The United Nations refugee agency (UNHCR) has renewed its concern over the unstable situation in conflict-ridden Burundi, which is expected to drive half a million people to seek safety in neighbouring countries by end 2017.

The East African nation's two-year deadly political instability has worsened amid an ongoing food crisis, which has already claimed numerous victims and displaced tens of thousands in some of the most-affected provinces.

Since April 2015, some 410,000 refugees and asylum seekers have fled their homes because of human rights abuses, fear of persecution and sexual and gender-based violence (SGBV). These numbers are still rising.

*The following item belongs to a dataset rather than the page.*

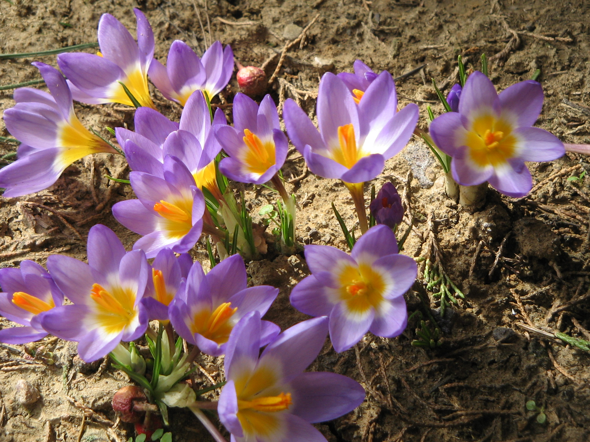 Crocus sieberi subsp. sublimis 'Tricolor'

With no sign of improvement of the political situation, UNHCR spokesperson Babar Baloch on 23 May warned Burundi's crisis has the potential to become the third biggest refugee situation in Africa.

Tanzania's three overcrowded camps currently host 237,393 Burundian refugees, followed by Rwanda (85,709), Uganda (44,699), DRC (37,354), Kenya (5,040), Mozambique (1,908), Zambia (1,873) and Malawi which is home to 1,099.

UNHCR has upped its funding needs for the Burundi situation from $214m (£167.8m) to $250 million and warned funding is drying to a trickle. This funding is needed to provide emergency assistance to the new arrivals and ensure proper support to host countries.

Burundian refugees living in 'extremely poor conditions'

Living conditions for refugees in overstretched camps, are extremely difficult.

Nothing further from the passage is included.